Parts that add up to a whole: a framework for the analysis of tables
Ana Costa e Silva
In a time when unstructured data grows exponentially throughout the world, tools are required to extract benefit from it. Tables are an important under-exploited part of that data. The vision of this thesis is to find robust answers to the main issues involved in understanding information in tables in unstructured data sources.
We begin by conducting a systematic quantitative literature review to chart the table analysis field and identify some important needs that the scientific community has so far left unanswered and that we consider fundamental to the success of our vision. We believe our contributions answer these needs. In fact,
- Most authors in this field have applied heuristics to tables. Heuristics can be brittle. We create road maps to the definition of probabilistic models for table location and segmentation, where the particular representation needs of the document analysis field can be straightforwardly encompassed.
- With table analysis requiring a long sequence of detailed decisions at different levels of granularity (line, character, cell, column and table levels), interaction between the decisions is fundamental. Flagging consists of measuring the probability that each partial result is erroneous. These probabilities can serve as flags to subsequent processing steps; in fact, they can be tracked by latter algorithms to recover from incoherent states in future results.
- This being a complex multi-layer problem, no one algorithm is capable of accurately treating all tables. Coordination between different table processing approaches, whether these are alternative or sequential to each other, is thus fundamental. We propose specific evaluation, a methodology that allows mathematically splitting the space of tables into sub-parts, in which alternative algorithms can be applied to maximise results and/or efficiency.

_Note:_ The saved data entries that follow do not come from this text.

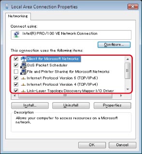 [로컬 영역 연결 속성] 대화상자에서 [Microsoft 네트워크용 클라이언트] 및 [인터넷 프로토콜(TCP/IP)]/[인터넷 프로토콜 버전 4(TCP/IPv4)]를 모두 선택합니다.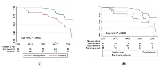 The ischemic group presented the worst prognosis (log-rank test: p = 0.007), especially in the transmural pattern. On the contrary, the focal and the non-ischemic ones had a better prognosis (log-rank tests: p = 0.002) (Figure 2).
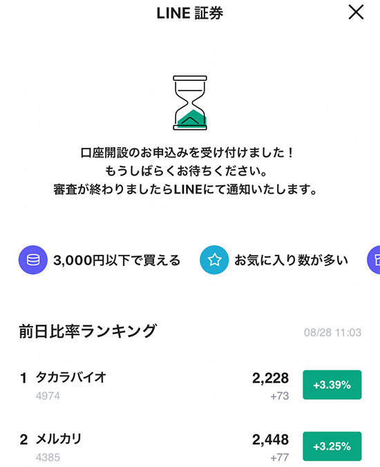 株を買うことはできませんが、LINE証券の画面や情報を見ることはできるので、いろいろ見てLINE証券の画面や操作に慣れておくとよいかもしれませんね。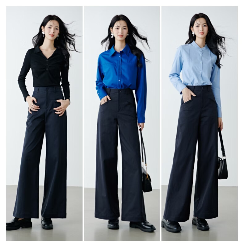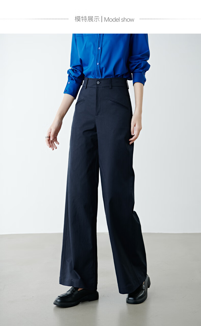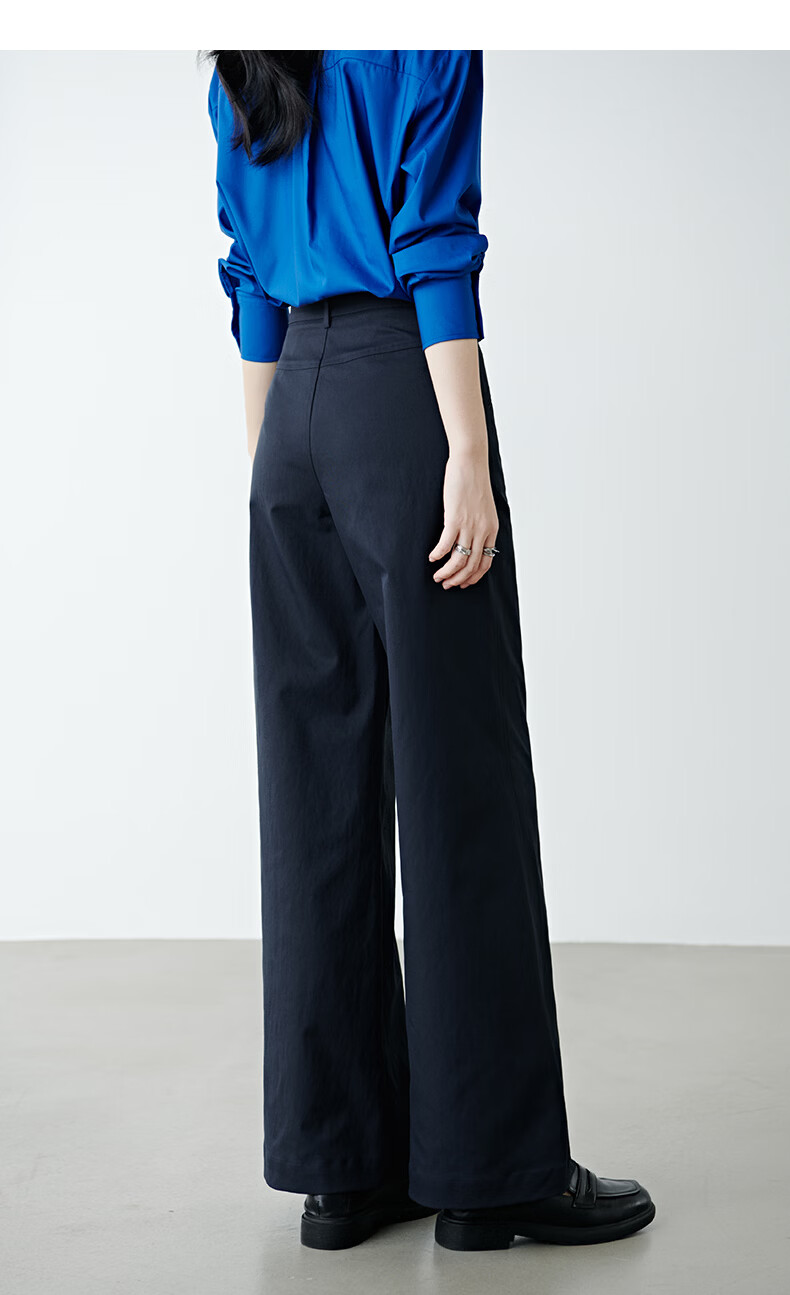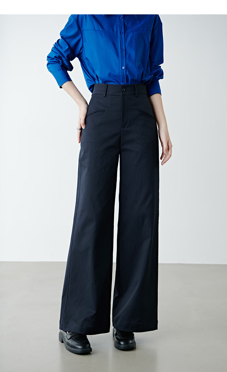 晚白【新品】2026春款经典高腰遮胯显瘦气质通勤休闲阔腿裤女 深蓝色 29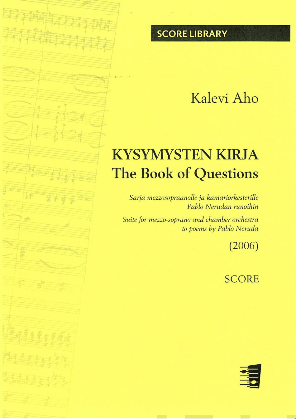 The Book of Questions for mezzo-soprano and chamber orchestra (2006) is part of an entire concert, which Kalevi Aho (b. 1949) composed for the Chamber Orchestra of Lapland to be premiered in 2007. In the spring of 2006, he came across the posthumously published collection The Book of Questions (1974) by Pablo Neruda (1904-1973), the Chilean poet and winner of a Nobel Prize. The Book of Questions is Neruda's last work, an unconventional testament to his work as a poet. The collection consists exclusively of questions, many of which are strange or unusual in character: they force the reader to look at things in an entirely new perspective. Aho selected the texts for the song cycle from Neruda's questions and combined them into eleven new sets, each containing between two and seven different questions. The Book of Questions thus became a meditative, philosophical song cycle. All eleven sets of questions are performed without a break, and the duration is c. 24 minutes.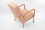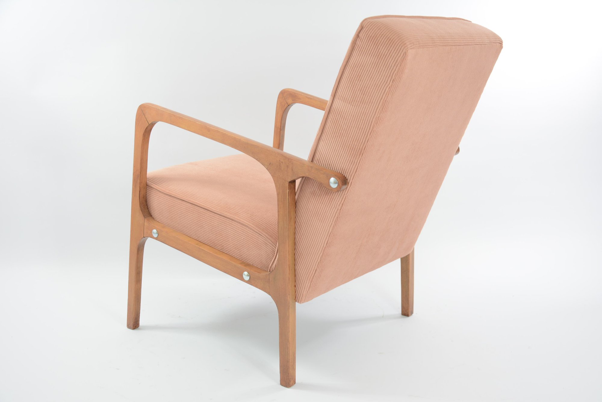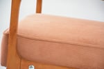 Restauration intégrale des partis bois et de l'assise recouverte d'un magnifique tissu antitache velours côtelé rose-pèche avec le passe poil autour de l'assise.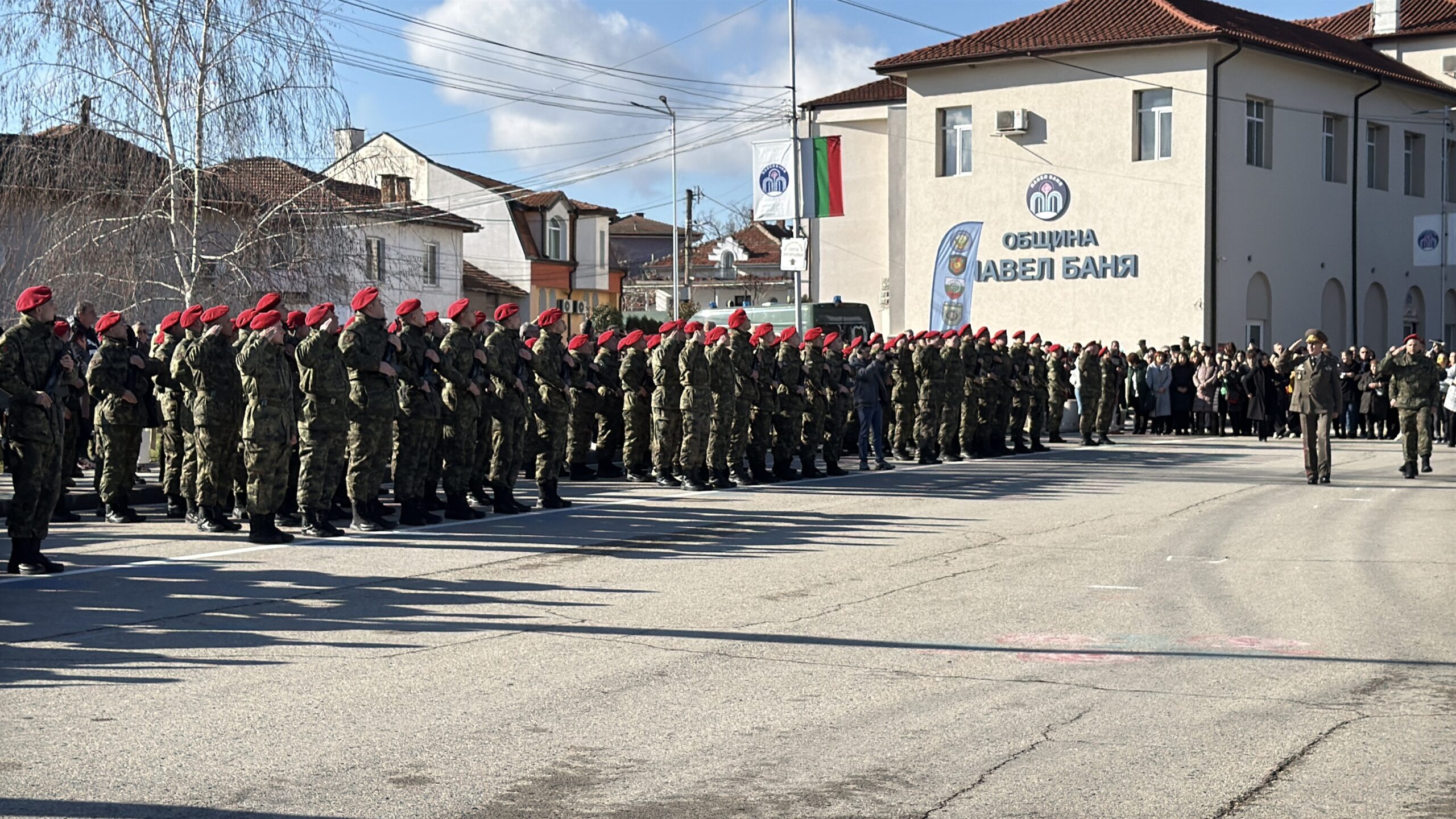 За мен е чест, че този тържествен акт се състои именно в град Павел баня, каза в словото си кметът Иса Бесоолу. Той добави, че това е важен и достоен момент, символ на отговорност и чест в служба на родината, и пожела на младите военнослужещи пътят им да е изпълнен със здраве и успехи.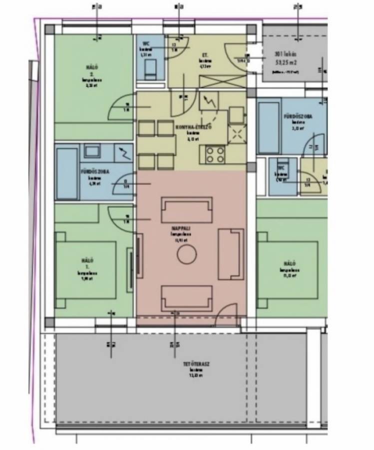 301 -es lakásunk szabad a III emeleten 53,25 m2 + 23,85m2 terasz (nappali + 2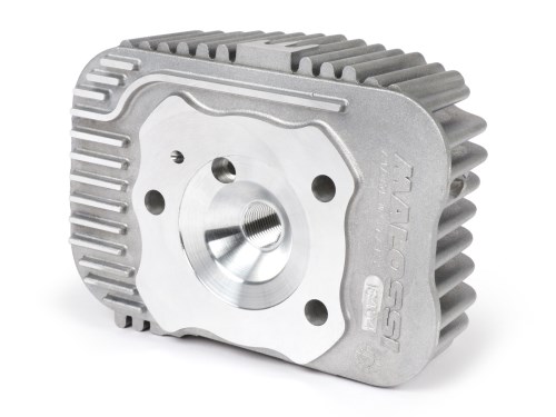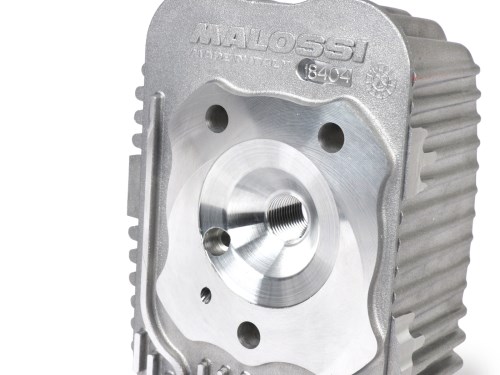 Malossi hat die Zylinderköpfe für die kleinen Piaggio Motoren jetzt auch mit Zentral Zündkerze und neuen Kühlrippen ausgestattet. Dadurch wird eine verbesserte Verbrennung und eine Optimalere Kühlung erreicht. Die neue Zylinderköpfe haben genug Material die eine individuelle Bearbeitung zulassen. Die CVF Köpfe verfügen über ein neues Dekompressionsventil das denn Brennraum jetzt besser Abdichten soll. Hinweis: Es wird eine Zündkerze mit Langgewinde benötigt.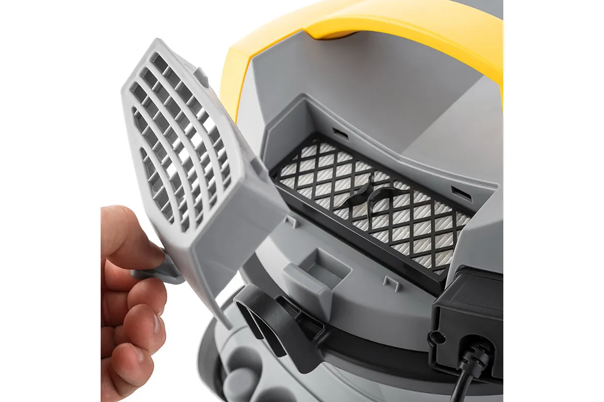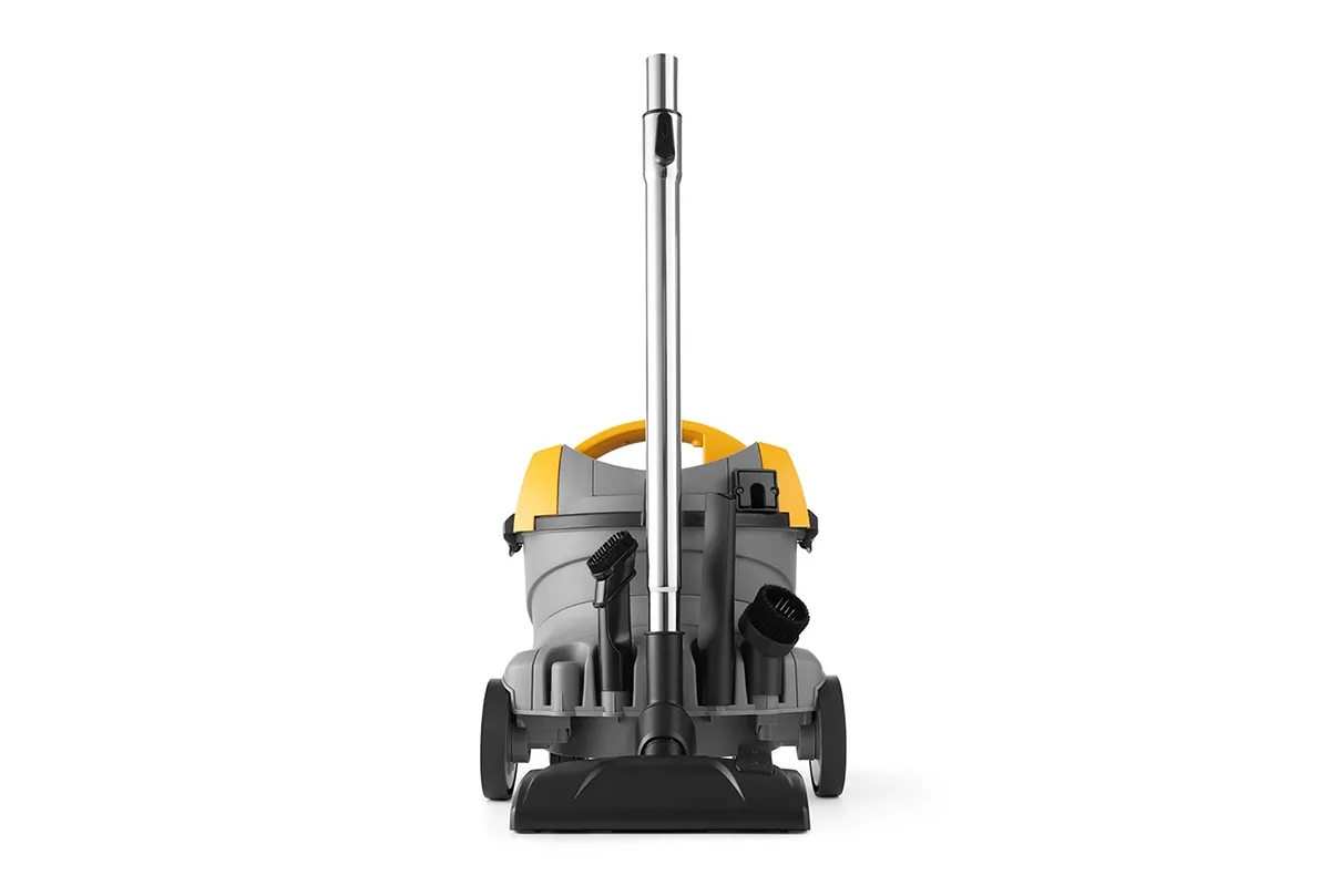 Kompakter und handlicher Profi-Trockensauger, der dank seines leistungsstarken 800-W-Saugmotors hervorragende Leistungen erbringt. Die schwenkbaren Vorderräder und die starren Hinterräder mit großem Durchmesser bieten maximale Manövrierfähigkeit und Stabilität. Der ergonomische Griff sowie die Zubehör- und Kabelhalterungen sorgen für maximalen Komfort bei der Benutzung der Maschine. Durch seine kompakte Größe und sein geringes Gewicht eignet er sich perfekt für die Reinigung kleiner und mittelgroßer Räume wie Hotels, Büros und Geschäfte.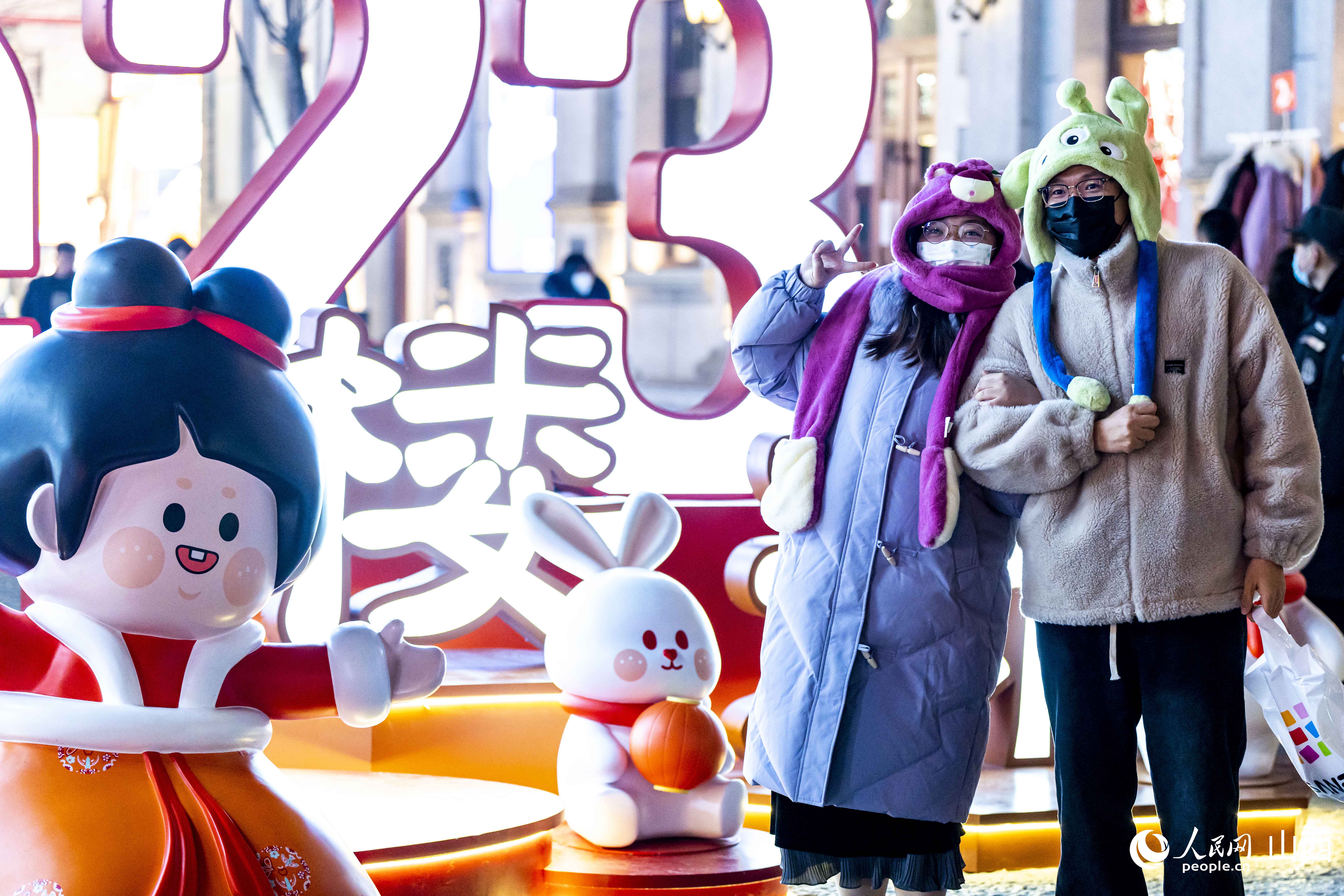 每逢夜幕降臨,鐘樓街上燈光璀璨,人頭攢動。隨處可見的新年兔子元素,為城市增添了年味,游客紛紛駐足拍照,喜氣洋洋,年味兒十足。

- Precision and recall, the most commonly used metrics in the table community, are not best suited for document analysis problems. We propose completeness and purity, which are purpose-built succinct performance metrics that are better suited for merging and splitting tasks.
We believe these four aspects are fundamental towards the automatic understanding of tabular data. The first led us to the definition of our first two experiments, which aim at grouping lines into tables and at splitting character sequences into cells. The last three aspects - flagging, specific evaluation and our two new metrics - are implemented after each experiment, in a detailed analysis of their results.